# Introduction


**What?** FE - introduction ratio of features



# What is the goal of feature engineering?


- You might perform feature engineering to:
    - improve a model's predictive performance
    - reduce computational or data needs
    - improve interpretability of the results



# Import modules

In [1]:
import pandas as pd
from sklearn.ensemble import RandomForestRegressor
from sklearn.model_selection import cross_val_score

# Import the dataset


- To illustrate these ideas we'll see how adding a few synthetic features to a dataset can improve the predictive performance of a random forest model.
- The Concrete dataset contains a variety of concrete formulations and the resulting product's *compressive strength*, which is a measure of how much load that kind of concrete can bear. 
- The task for this dataset is to predict a concrete's compressive strength given its formulation.



In [2]:
df = pd.read_excel("../DATASETS/Concrete_Data.xls")
df.head()

Unnamed: 0,Cement,BlastFurnaceSlag,FlyAsh,Water,Superplasticizer,CoarseAggregate,FineAggregate,Age,CompressiveStrength
0,540.0,0.0,0.0,162.0,2.5,1040.0,676.0,28,79.986111
1,540.0,0.0,0.0,162.0,2.5,1055.0,676.0,28,61.887366
2,332.5,142.5,0.0,228.0,0.0,932.0,594.0,270,40.269535
3,332.5,142.5,0.0,228.0,0.0,932.0,594.0,365,41.05278
4,198.6,132.4,0.0,192.0,0.0,978.4,825.5,360,44.296075


# Establish baseline model


- We'll first establish a baseline by training the model. 
- This will help us determine whether our new features are actually useful. 



In [3]:
X = df.copy()
y = X.pop("CompressiveStrength")

# Train and score baseline model
baseline = RandomForestRegressor(criterion="mae", random_state=0)
baseline_score = cross_val_score(
    baseline, X, y, cv=5, scoring="neg_mean_absolute_error"
)
baseline_score = -1 * baseline_score.mean()
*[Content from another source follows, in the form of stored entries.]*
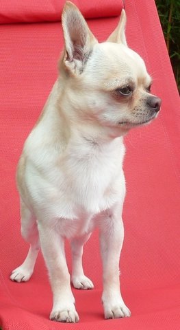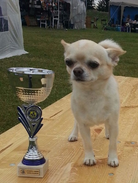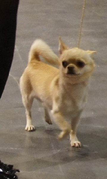 Excellent type, jolie tête, frontanelle fermée bonne sortie, dentition correcte, un peu enveloppé, excellente ossature, belle poitrine et dos, fouet bien inséré, excellents aplombs avant, Trés bonnes angulations arrières, excellente allure.
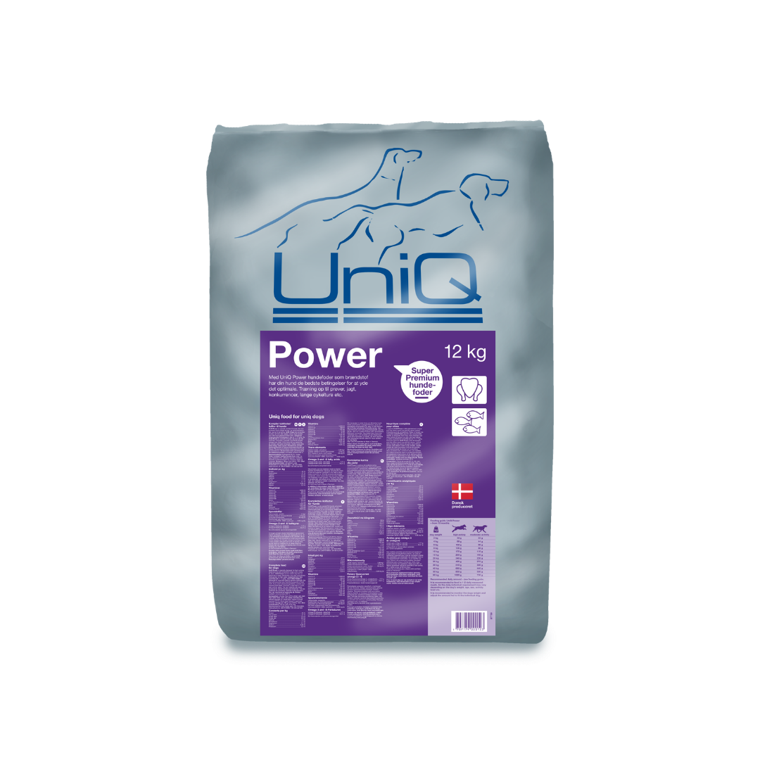 UniQ Power er heilfóður sem hefur mjög hátt orkuinnihald. Það er sérstaklega hannað fyrir hunda sem eru í krefjandi aðstæðum og þurfa mikla orku eins og t.d vinnu- og veiðiþjálfun, veiðiferðir, langir hjólreiðatúrar, keppnir, björgunarleiðangrar og annað slíkt.
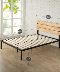 Update your bedroom with this King size Modern Metal Platform Bed Frame with Wood Headboard and Slats. Featuring a casually styled headboard and low profile metal frame this platform bed offers strong, durable wood slat support for your spring, memory foam, latex, or hybrid mattress. Ships in one carton for easy assembly. No box spring needed.
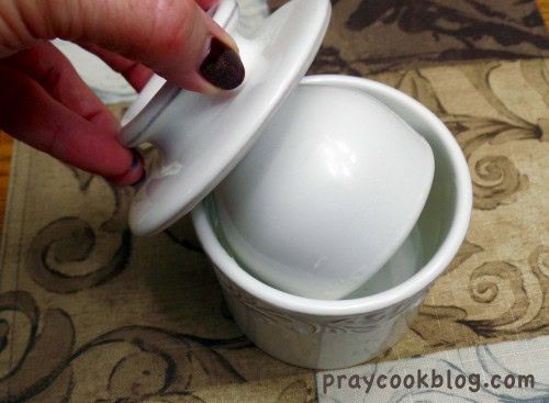 - Pack 1/2 cup softened butter FIRMLY into the bell-shaped lid.
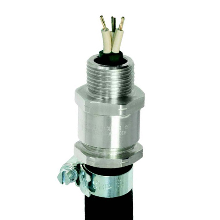This product includes a hose connection facility to securely attach protective hose with a cable housed within, the cable is then securely sealed using a CMP displacement seal.

print(f"MAE Baseline Score: {baseline_score:.4}")

MAE Baseline Score: 8.397


# Feature engineering


- The *ratio* of ingredients in a recipe is usually a better predictor of how the recipe turns out than their absolute amounts. 
- We might reason then that ratios of the features above would be a good predictor of `CompressiveStrength`.
- The cell below adds three new ratio features to the dataset. 



In [4]:
X = df.copy()
y = X.pop("CompressiveStrength")

# Create synthetic features
X["FCRatio"] = X["FineAggregate"] / X["CoarseAggregate"]
X["AggCmtRatio"] = (X["CoarseAggregate"] + X["FineAggregate"]) / X["Cement"]
X["WtrCmtRatio"] = X["Water"] / X["Cement"]

# Train and score model on dataset with additional ratio features
model = RandomForestRegressor(criterion="mae", random_state=0)
score = cross_val_score(
    model, X, y, cv=5, scoring="neg_mean_absolute_error"
)
score = -1 * score.mean()

print(f"MAE Score with Ratio Features: {score:.4}")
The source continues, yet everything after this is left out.